* **What you need to do**
Every line from the start of the data through the line containing "Глибоко вдихніть. швидше" should be retyped exactly; the pictures should not.

___ Entries shown ___

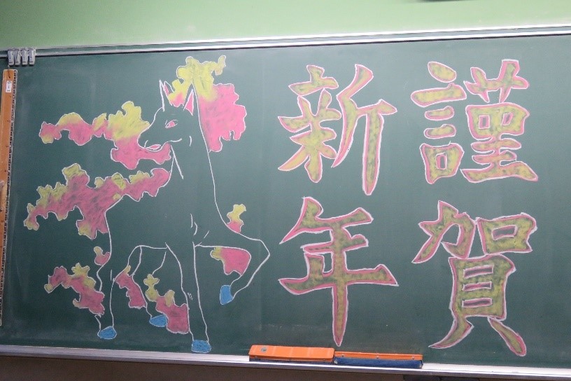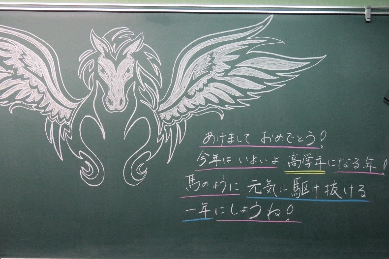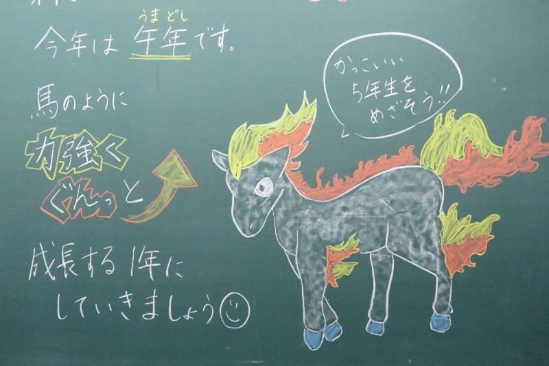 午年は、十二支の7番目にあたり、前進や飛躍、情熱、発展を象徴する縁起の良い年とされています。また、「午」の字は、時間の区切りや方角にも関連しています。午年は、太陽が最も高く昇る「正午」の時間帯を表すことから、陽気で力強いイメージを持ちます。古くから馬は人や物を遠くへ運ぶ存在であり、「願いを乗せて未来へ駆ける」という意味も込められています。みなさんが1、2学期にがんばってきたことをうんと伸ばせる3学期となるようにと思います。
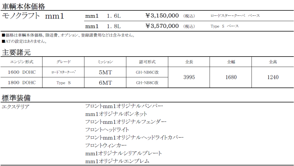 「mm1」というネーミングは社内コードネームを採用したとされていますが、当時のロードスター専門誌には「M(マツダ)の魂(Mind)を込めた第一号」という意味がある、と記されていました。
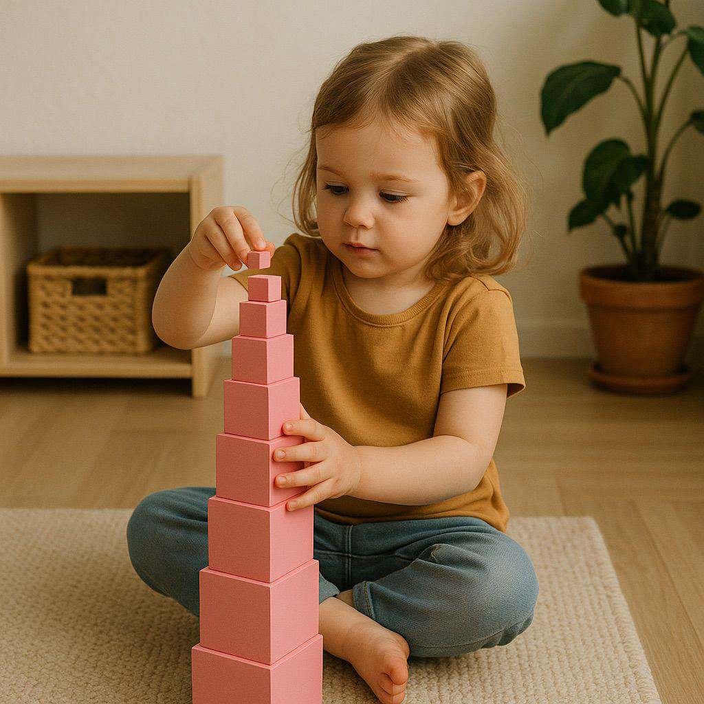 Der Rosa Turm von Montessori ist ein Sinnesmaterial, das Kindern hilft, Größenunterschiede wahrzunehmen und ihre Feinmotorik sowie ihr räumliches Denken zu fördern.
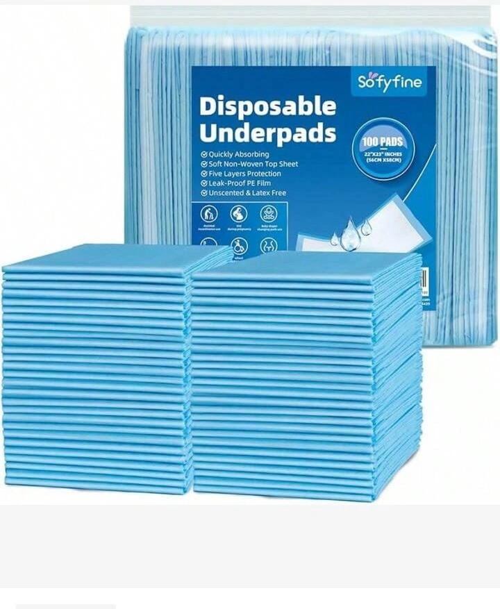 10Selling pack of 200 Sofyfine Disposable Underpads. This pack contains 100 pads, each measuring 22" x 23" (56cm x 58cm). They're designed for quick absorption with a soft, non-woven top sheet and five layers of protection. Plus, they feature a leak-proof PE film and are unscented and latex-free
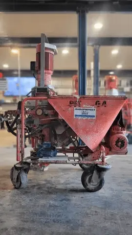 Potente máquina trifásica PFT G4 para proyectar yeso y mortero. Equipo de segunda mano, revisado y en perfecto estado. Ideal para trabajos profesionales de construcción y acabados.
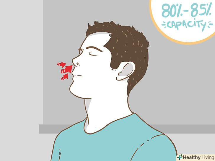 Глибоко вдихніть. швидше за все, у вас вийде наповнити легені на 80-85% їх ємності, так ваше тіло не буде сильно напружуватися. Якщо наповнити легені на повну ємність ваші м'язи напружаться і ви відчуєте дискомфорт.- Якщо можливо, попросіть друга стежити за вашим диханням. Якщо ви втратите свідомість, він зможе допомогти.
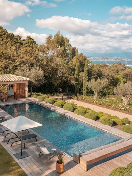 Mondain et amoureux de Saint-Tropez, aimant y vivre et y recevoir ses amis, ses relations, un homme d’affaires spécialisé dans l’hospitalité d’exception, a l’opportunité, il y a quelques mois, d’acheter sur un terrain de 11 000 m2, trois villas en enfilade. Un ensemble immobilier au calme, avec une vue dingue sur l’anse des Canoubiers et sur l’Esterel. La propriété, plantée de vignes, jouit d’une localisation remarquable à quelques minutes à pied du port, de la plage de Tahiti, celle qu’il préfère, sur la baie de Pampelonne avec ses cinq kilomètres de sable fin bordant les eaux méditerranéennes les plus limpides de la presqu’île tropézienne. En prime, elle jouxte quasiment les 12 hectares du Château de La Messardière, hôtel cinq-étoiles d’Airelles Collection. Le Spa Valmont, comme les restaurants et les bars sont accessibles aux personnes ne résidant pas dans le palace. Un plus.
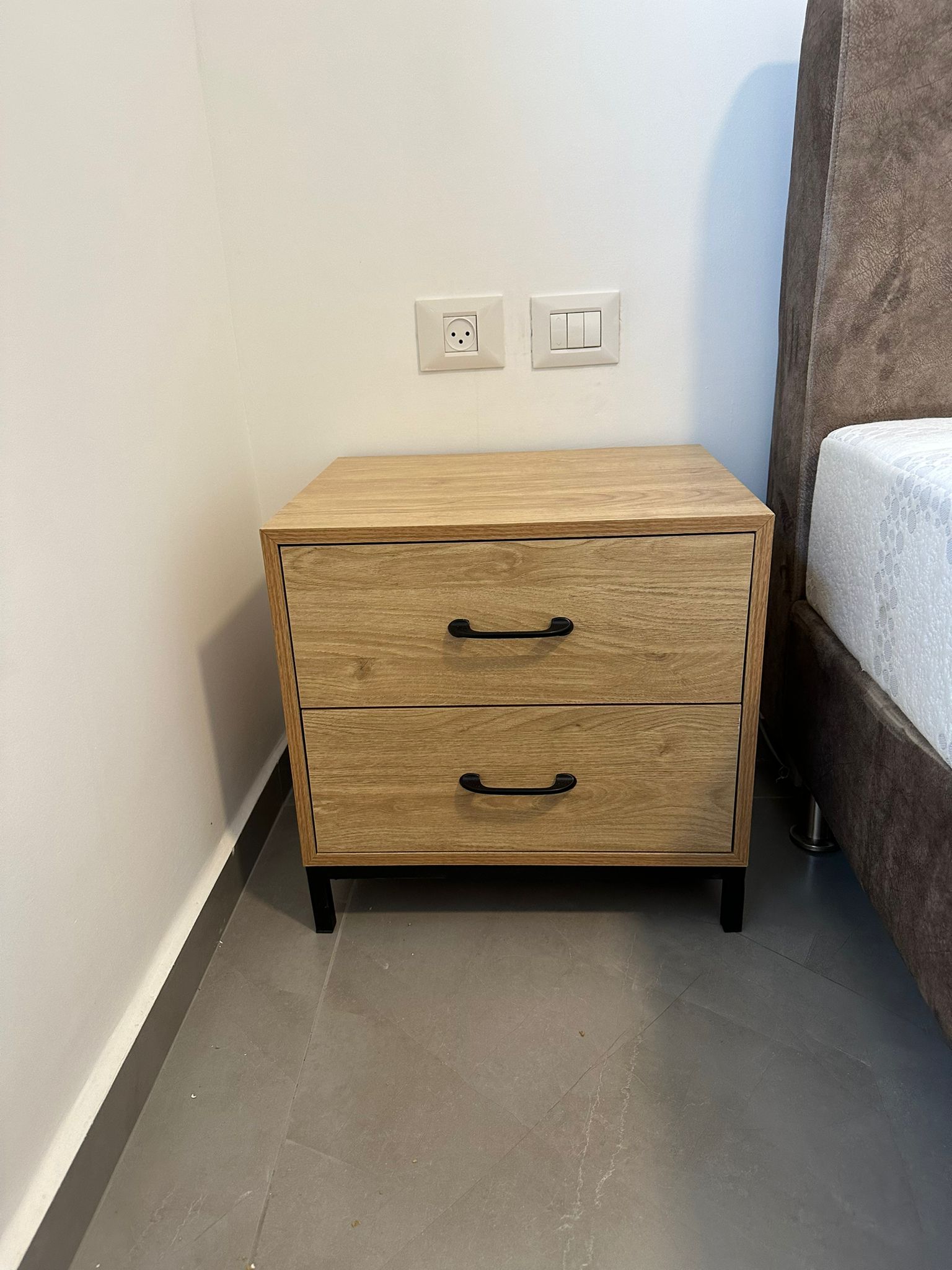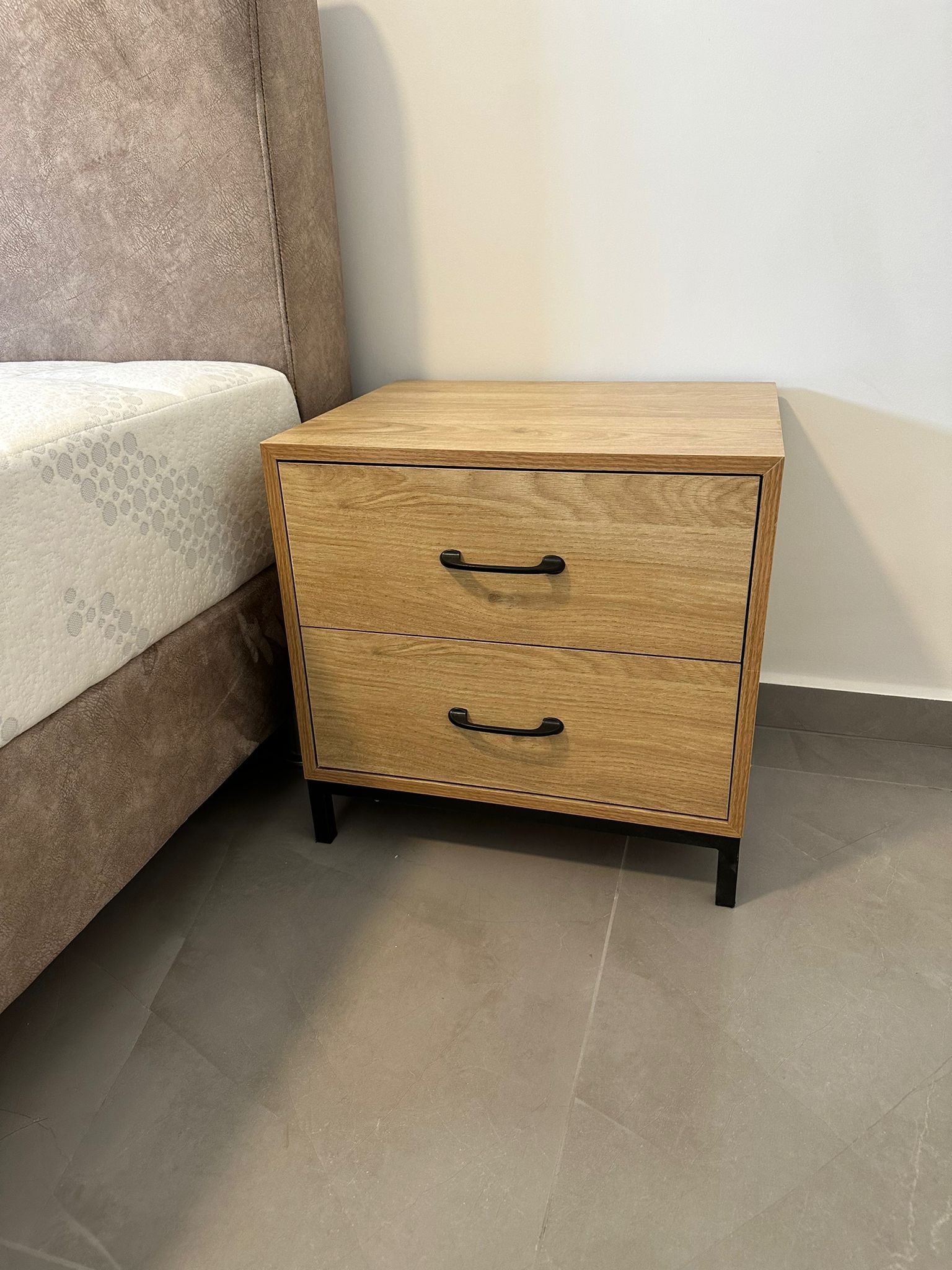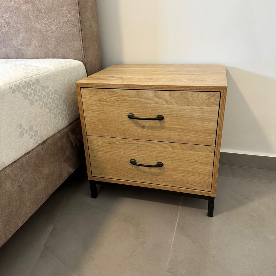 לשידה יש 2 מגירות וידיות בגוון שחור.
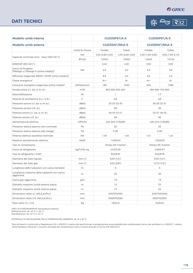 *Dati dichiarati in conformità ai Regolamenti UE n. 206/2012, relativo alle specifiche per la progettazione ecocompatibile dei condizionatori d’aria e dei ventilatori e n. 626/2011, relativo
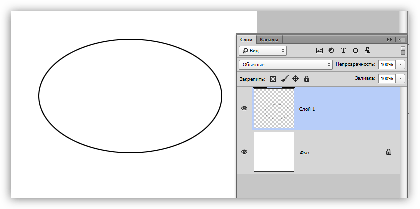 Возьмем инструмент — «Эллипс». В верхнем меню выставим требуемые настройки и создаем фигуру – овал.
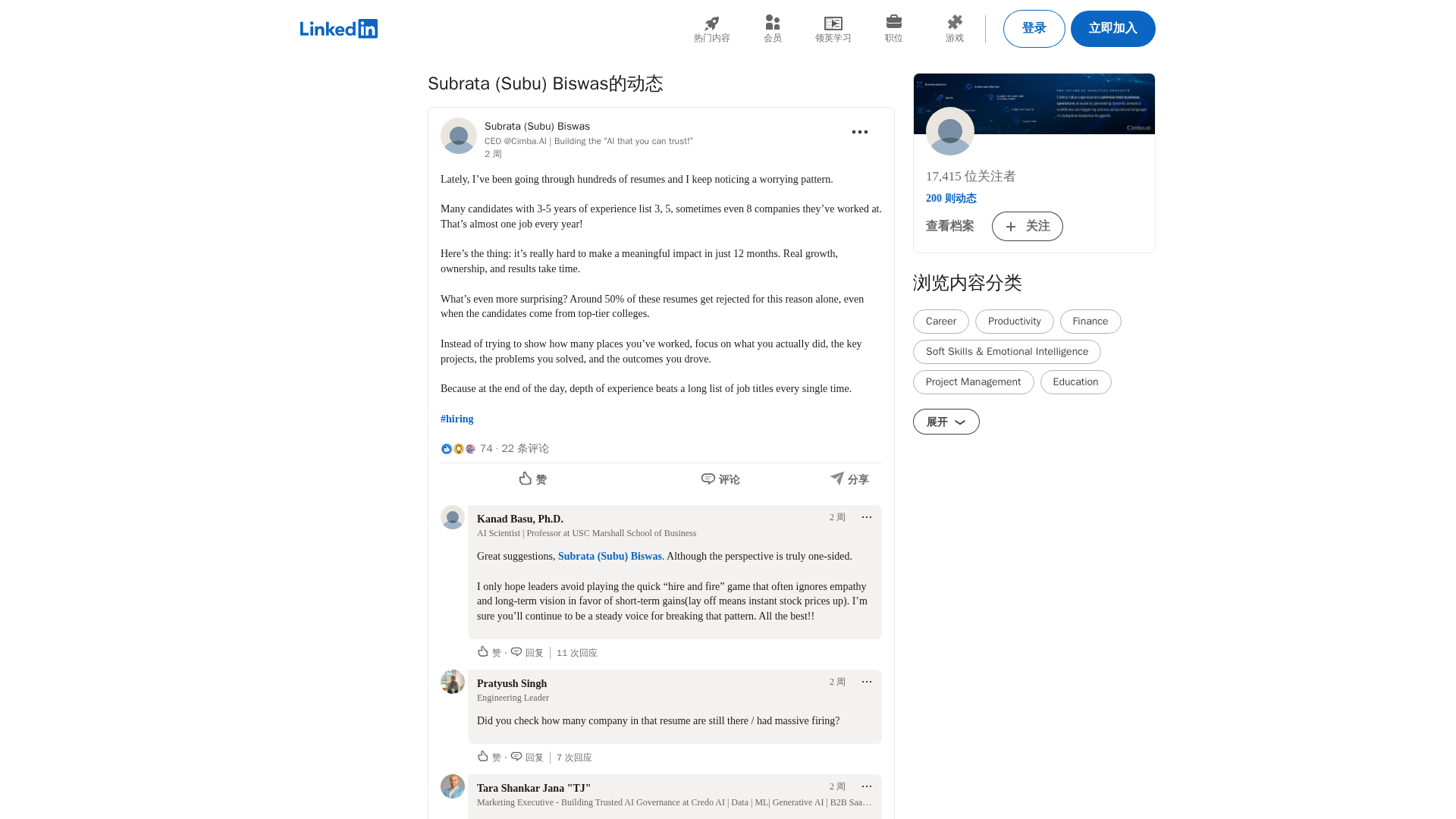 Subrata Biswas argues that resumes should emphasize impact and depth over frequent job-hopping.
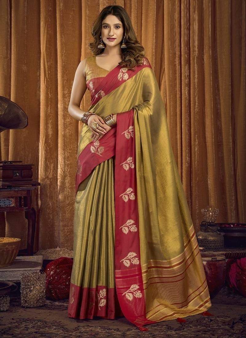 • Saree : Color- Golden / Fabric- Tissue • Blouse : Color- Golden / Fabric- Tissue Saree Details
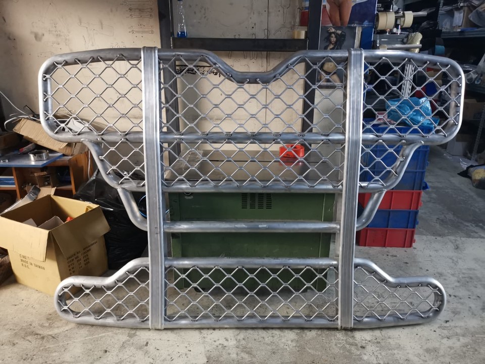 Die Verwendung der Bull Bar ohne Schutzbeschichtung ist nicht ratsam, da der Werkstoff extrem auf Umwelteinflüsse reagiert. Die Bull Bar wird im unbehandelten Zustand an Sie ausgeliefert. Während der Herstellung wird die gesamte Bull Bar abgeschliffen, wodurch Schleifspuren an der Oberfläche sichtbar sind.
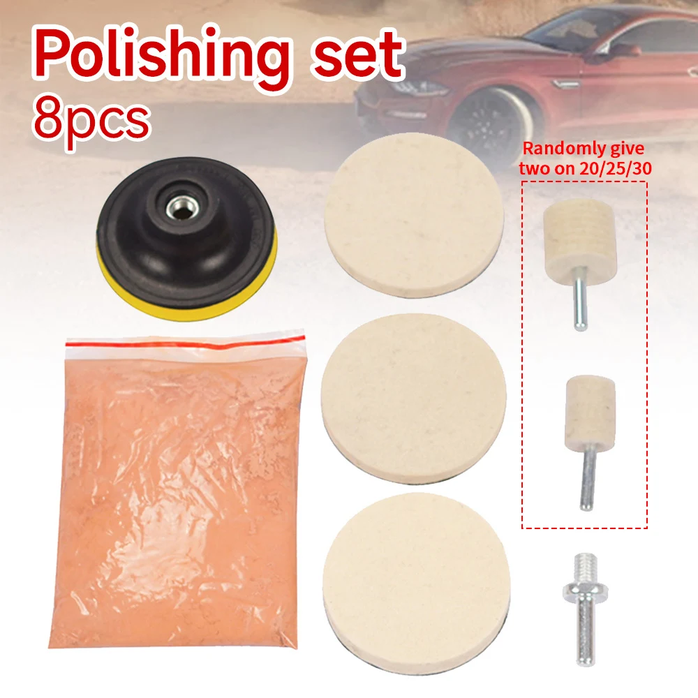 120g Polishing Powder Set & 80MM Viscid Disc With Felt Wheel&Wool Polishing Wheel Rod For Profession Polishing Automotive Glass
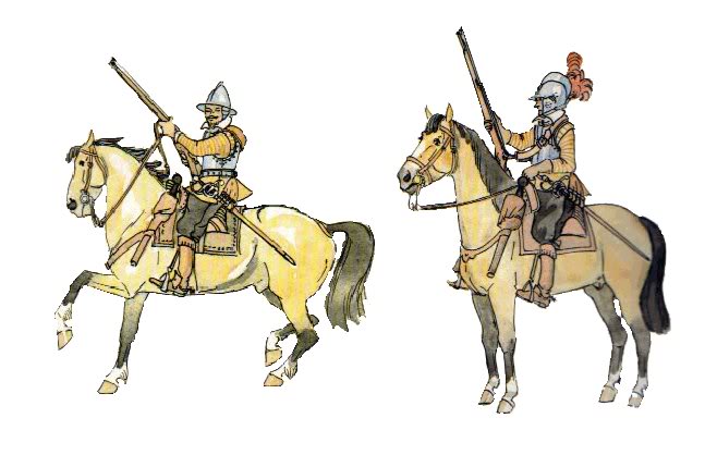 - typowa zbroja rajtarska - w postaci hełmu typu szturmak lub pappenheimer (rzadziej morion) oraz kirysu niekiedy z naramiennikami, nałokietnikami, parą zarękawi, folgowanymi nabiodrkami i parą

___

* **Expected answer**
 午年は、十二支の7番目にあたり、前進や飛躍、情熱、発展を象徴する縁起の良い年とされています。また、「午」の字は、時間の区切りや方角にも関連しています。午年は、太陽が最も高く昇る「正午」の時間帯を表すことから、陽気で力強いイメージを持ちます。古くから馬は人や物を遠くへ運ぶ存在であり、「願いを乗せて未来へ駆ける」という意味も込められています。みなさんが1、2学期にがんばってきたことをうんと伸ばせる3学期となるようにと思います。
 「mm1」というネーミングは社内コードネームを採用したとされていますが、当時のロードスター専門誌には「M(マツダ)の魂(Mind)を込めた第一号」という意味がある、と記されていました。
 Der Rosa Turm von Montessori ist ein Sinnesmaterial, das Kindern hilft, Größenunterschiede wahrzunehmen und ihre Feinmotorik sowie ihr räumliches Denken zu fördern.
 10Selling pack of 200 Sofyfine Disposable Underpads. This pack contains 100 pads, each measuring 22" x 23" (56cm x 58cm). They're designed for quick absorption with a soft, non-woven top sheet and five layers of protection. Plus, they feature a leak-proof PE film and are unscented and latex-free
 Potente máquina trifásica PFT G4 para proyectar yeso y mortero. Equipo de segunda mano, revisado y en perfecto estado. Ideal para trabajos profesionales de construcción y acabados.
 Глибоко вдихніть. швидше за все, у вас вийде наповнити легені на 80-85% їх ємності, так ваше тіло не буде сильно напружуватися. Якщо наповнити легені на повну ємність ваші м'язи напружаться і ви відчуєте дискомфорт.- Якщо можливо, попросіть друга стежити за вашим диханням. Якщо ви втратите свідомість, він зможе допомогти.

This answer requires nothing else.